Raw data: Begin
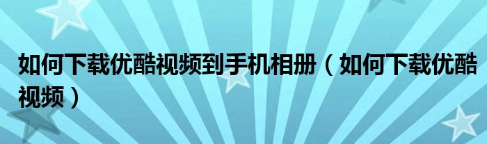 大家好,雨雨来为大家解答以上问题,如何下载优酷视频到手机相册,如何下载优酷视频很多人还不知道,现在让我们一起来看看吧!
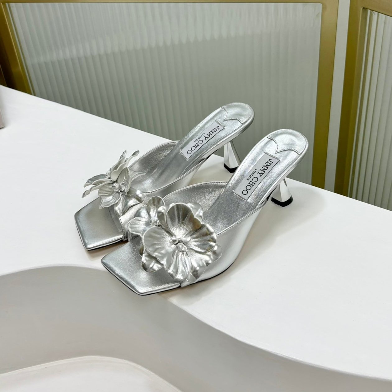 Jimmy Skye 65mm In Silver Cowhide Mules 597846
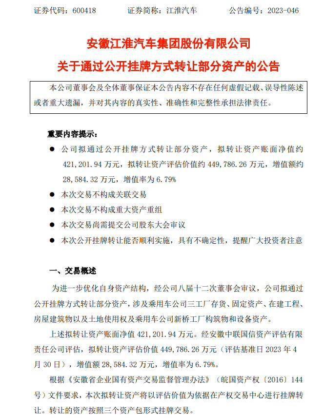 DoNews10月20日消息,江淮汽车日前发布公告称,公司拟通过公开挂牌的方式转让部分资产,涉及乘用车公司三工厂存货、固定资产、在建工程、房屋建筑物及土地使用权、乘用车公司新桥工厂构筑物和设备资产,拟挂牌价为 44.98 亿元。
Raw data: End
-- What to work on --
Go through the lines above and write each one out verbatim, skipping the pictures.

-- Solution --
 大家好,雨雨来为大家解答以上问题,如何下载优酷视频到手机相册,如何下载优酷视频很多人还不知道,现在让我们一起来看看吧!
 Jimmy Skye 65mm In Silver Cowhide Mules 597846
 DoNews10月20日消息,江淮汽车日前发布公告称,公司拟通过公开挂牌的方式转让部分资产,涉及乘用车公司三工厂存货、固定资产、在建工程、房屋建筑物及土地使用权、乘用车公司新桥工厂构筑物和设备资产,拟挂牌价为 44.98 亿元。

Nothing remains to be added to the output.